#### Material provided:
::::::::::

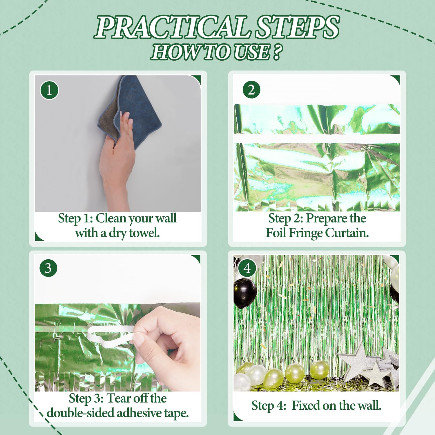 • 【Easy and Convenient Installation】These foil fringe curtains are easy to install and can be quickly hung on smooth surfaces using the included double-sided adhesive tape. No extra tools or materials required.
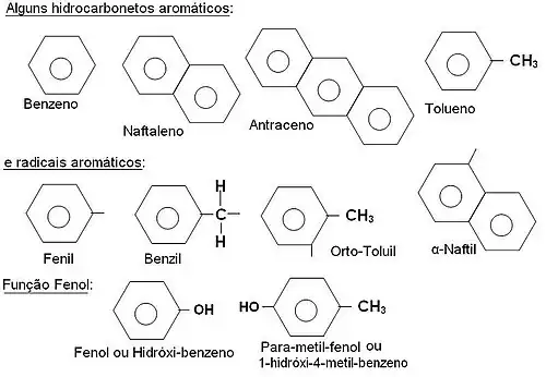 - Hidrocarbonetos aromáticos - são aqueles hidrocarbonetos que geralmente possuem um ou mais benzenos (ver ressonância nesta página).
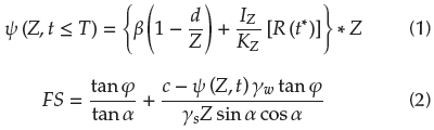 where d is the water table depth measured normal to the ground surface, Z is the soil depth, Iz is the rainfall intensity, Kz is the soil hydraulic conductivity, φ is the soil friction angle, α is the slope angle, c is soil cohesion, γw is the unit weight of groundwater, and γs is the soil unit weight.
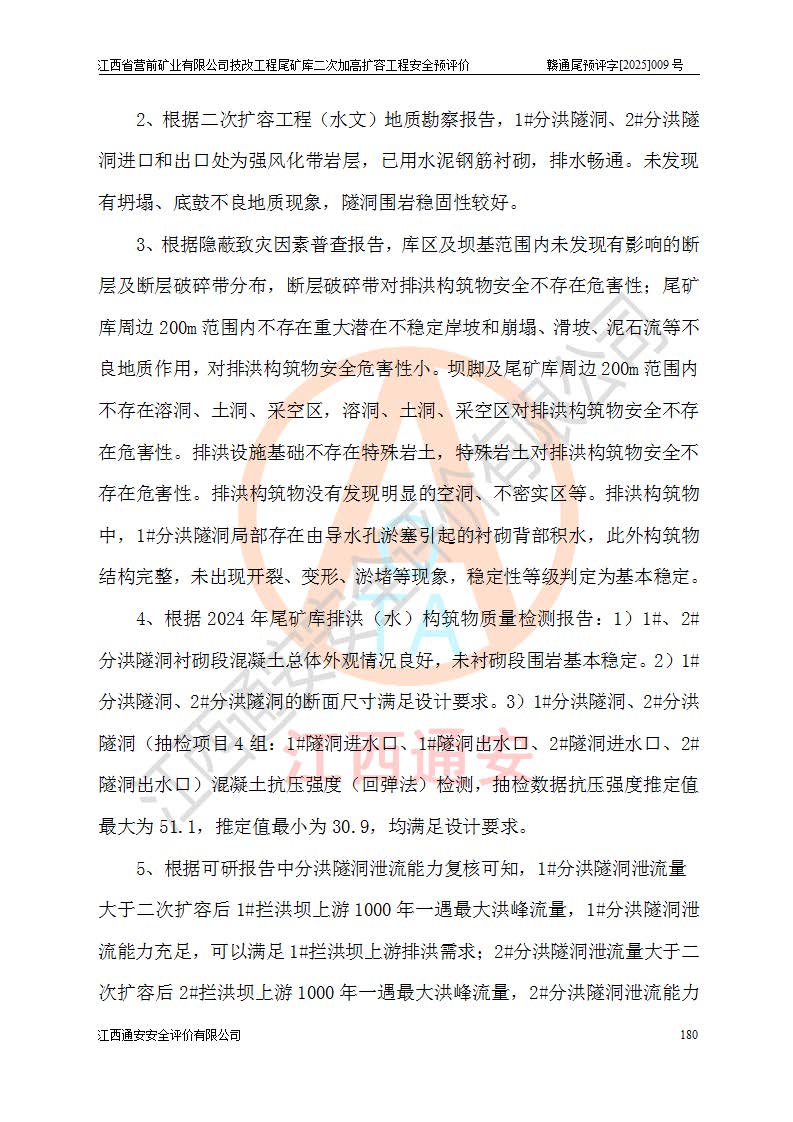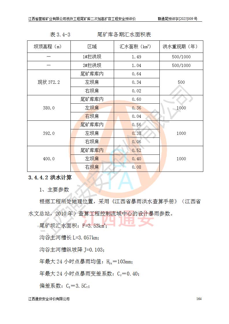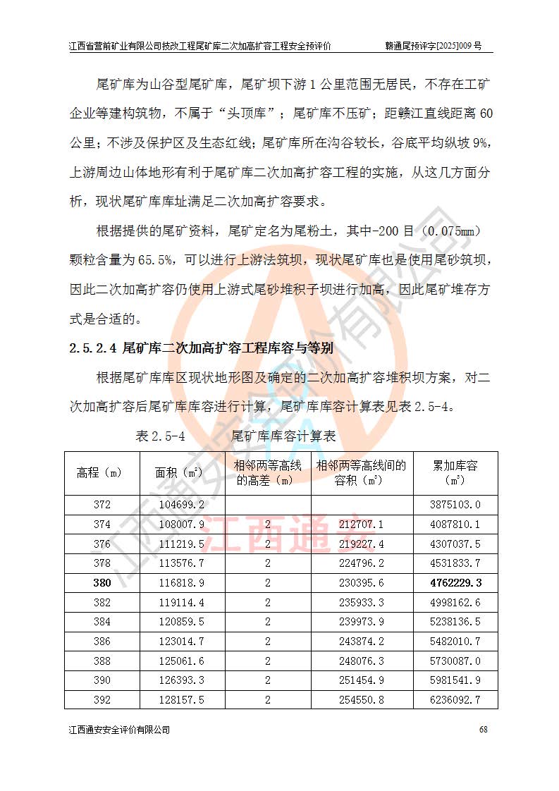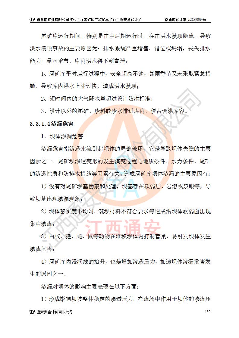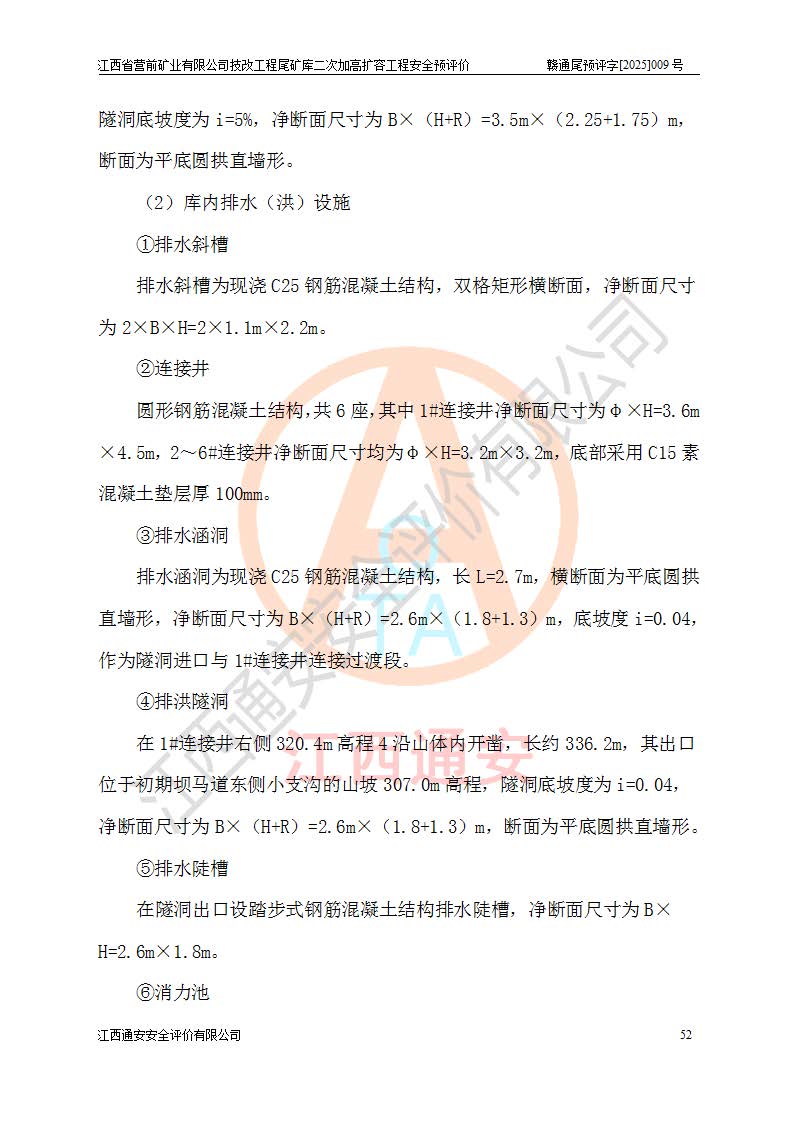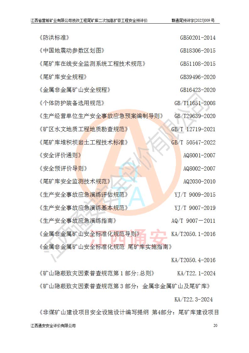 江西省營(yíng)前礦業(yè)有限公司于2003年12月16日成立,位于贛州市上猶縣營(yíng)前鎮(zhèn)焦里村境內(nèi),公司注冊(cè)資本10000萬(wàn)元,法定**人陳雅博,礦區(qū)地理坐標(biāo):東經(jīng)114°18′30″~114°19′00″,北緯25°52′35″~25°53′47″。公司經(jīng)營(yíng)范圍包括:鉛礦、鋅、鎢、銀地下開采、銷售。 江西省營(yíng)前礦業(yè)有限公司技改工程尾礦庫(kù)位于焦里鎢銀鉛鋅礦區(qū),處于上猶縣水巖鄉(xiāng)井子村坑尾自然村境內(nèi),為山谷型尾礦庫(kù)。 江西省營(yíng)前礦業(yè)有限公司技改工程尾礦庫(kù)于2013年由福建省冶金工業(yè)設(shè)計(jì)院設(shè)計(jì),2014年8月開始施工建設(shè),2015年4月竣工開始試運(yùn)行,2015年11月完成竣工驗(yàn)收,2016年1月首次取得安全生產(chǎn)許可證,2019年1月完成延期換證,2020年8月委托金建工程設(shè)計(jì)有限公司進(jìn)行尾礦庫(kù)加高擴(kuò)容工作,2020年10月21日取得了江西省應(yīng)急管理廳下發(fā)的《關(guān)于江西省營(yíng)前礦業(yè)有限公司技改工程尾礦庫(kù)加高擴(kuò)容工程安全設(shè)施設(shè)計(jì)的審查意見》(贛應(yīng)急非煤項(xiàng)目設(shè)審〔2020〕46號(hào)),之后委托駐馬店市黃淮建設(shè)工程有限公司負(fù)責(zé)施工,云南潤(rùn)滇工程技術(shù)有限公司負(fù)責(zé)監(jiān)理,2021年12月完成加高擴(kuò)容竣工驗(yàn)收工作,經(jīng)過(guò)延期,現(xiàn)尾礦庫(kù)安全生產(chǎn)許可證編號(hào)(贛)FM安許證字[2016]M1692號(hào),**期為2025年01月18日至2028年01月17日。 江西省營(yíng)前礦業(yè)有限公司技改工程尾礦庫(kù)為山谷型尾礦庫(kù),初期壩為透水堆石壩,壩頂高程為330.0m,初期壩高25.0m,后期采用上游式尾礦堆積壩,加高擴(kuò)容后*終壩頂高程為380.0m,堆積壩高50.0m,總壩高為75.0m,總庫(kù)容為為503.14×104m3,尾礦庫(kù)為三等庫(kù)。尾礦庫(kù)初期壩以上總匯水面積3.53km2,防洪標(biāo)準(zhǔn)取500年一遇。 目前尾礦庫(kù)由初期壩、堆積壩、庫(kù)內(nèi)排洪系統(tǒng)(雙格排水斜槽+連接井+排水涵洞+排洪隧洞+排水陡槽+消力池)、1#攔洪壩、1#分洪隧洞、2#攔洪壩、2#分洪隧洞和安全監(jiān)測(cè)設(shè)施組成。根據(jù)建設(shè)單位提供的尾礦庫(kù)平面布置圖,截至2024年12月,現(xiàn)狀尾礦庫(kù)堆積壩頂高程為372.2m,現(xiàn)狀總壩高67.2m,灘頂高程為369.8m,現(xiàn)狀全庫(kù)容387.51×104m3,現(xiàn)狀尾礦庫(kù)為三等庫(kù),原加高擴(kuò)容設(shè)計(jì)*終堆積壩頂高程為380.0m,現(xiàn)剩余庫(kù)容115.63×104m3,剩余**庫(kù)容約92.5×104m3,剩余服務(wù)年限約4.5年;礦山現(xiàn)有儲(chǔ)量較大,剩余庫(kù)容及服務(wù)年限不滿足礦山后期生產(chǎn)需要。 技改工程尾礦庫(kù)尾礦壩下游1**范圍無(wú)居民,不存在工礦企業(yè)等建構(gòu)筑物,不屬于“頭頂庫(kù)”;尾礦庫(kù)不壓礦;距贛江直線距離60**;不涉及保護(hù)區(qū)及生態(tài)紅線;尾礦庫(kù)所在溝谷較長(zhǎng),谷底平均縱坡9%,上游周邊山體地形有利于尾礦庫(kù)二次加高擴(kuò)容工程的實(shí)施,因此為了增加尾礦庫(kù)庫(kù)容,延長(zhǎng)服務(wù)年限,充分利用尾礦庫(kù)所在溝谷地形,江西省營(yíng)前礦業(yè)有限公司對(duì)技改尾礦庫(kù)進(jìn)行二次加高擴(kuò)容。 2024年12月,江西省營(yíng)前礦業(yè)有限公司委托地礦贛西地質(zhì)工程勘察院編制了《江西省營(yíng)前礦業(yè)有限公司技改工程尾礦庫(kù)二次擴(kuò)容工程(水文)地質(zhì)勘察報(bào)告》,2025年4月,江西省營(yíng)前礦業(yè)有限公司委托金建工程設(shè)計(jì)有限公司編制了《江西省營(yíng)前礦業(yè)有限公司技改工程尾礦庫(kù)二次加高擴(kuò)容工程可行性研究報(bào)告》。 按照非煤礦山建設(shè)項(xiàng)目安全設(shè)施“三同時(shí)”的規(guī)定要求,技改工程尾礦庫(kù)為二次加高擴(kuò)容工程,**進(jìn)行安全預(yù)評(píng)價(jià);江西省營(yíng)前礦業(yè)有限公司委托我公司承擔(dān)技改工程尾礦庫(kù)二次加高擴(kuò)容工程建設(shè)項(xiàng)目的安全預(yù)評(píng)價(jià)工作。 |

::::::::::

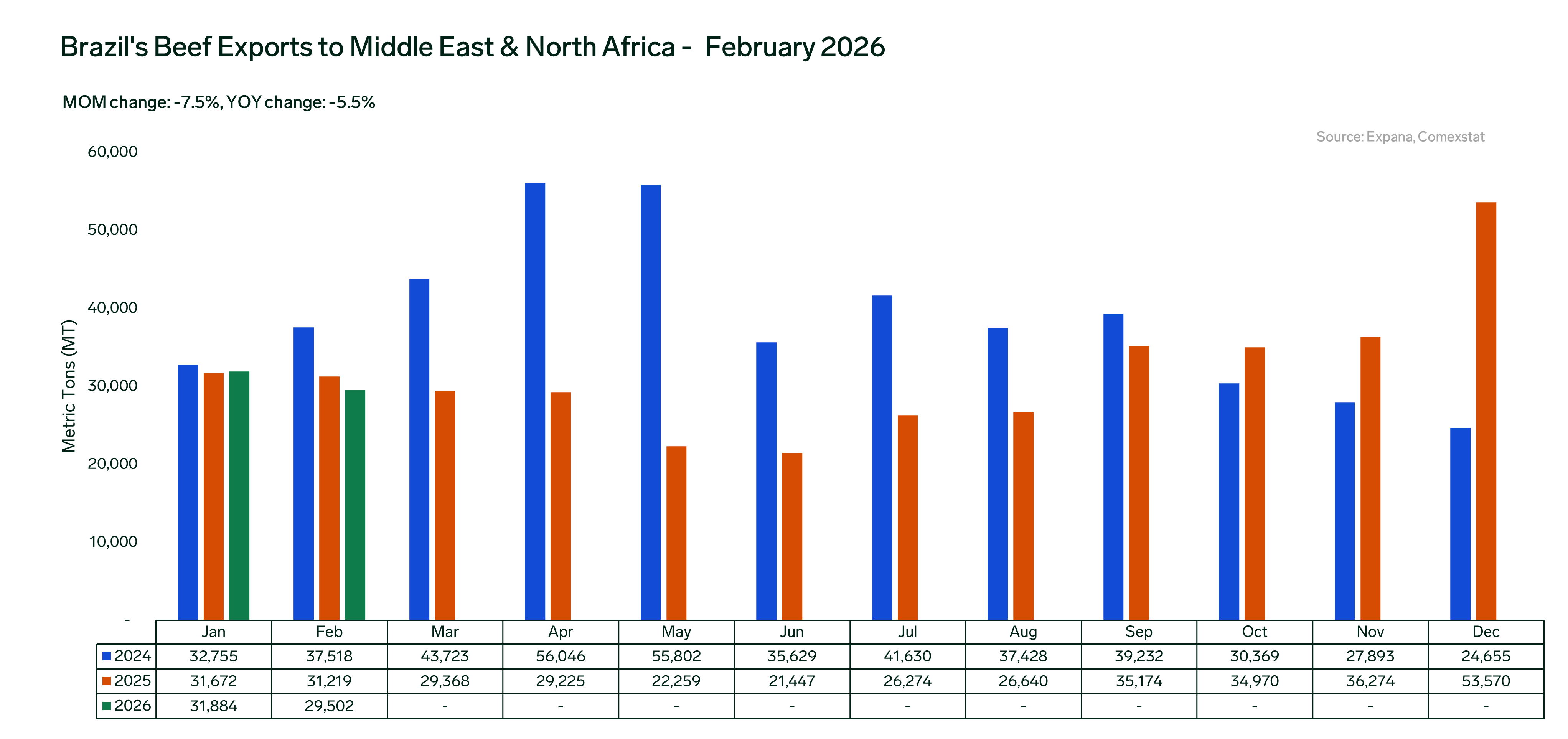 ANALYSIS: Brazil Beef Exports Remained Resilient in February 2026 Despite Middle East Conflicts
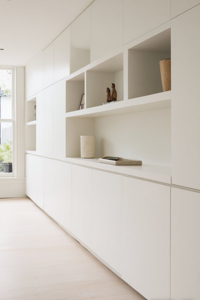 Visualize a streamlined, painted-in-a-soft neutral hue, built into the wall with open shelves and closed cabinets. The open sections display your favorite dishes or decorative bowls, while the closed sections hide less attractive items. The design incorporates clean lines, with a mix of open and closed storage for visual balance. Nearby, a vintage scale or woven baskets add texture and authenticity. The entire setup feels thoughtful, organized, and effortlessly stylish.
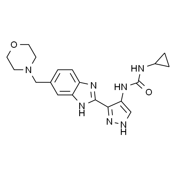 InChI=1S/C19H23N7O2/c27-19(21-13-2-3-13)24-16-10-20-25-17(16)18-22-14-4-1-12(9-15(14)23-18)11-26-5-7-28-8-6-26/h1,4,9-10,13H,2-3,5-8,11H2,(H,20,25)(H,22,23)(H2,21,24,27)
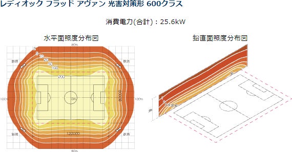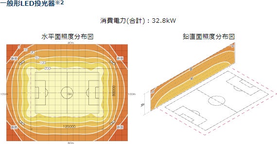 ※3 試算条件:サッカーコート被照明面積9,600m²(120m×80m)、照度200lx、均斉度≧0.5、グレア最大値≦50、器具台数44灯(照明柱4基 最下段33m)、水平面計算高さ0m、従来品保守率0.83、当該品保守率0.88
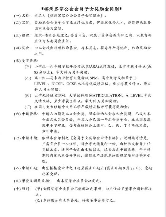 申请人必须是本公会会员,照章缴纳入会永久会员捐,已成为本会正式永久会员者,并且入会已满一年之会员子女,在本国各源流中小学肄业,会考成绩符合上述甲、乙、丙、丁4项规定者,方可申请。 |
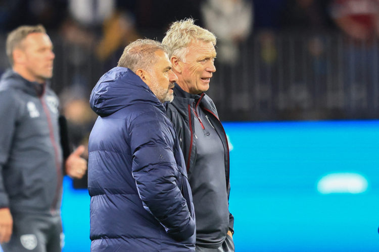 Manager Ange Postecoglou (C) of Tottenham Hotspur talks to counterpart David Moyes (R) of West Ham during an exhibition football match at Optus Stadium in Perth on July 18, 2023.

::::::::::

#### Work to be completed:
Working from the entries above, please transcribe only the lines from the line with "- Hidrocarbonetos aromáticos" through the line with "where d is the", exactly, with both end lines and without pictures.

#### Response to this task:
 - Hidrocarbonetos aromáticos - são aqueles hidrocarbonetos que geralmente possuem um ou mais benzenos (ver ressonância nesta página).
 where d is the water table depth measured normal to the ground surface, Z is the soil depth, Iz is the rainfall intensity, Kz is the soil hydraulic conductivity, φ is the soil friction angle, α is the slope angle, c is soil cohesion, γw is the unit weight of groundwater, and γs is the soil unit weight.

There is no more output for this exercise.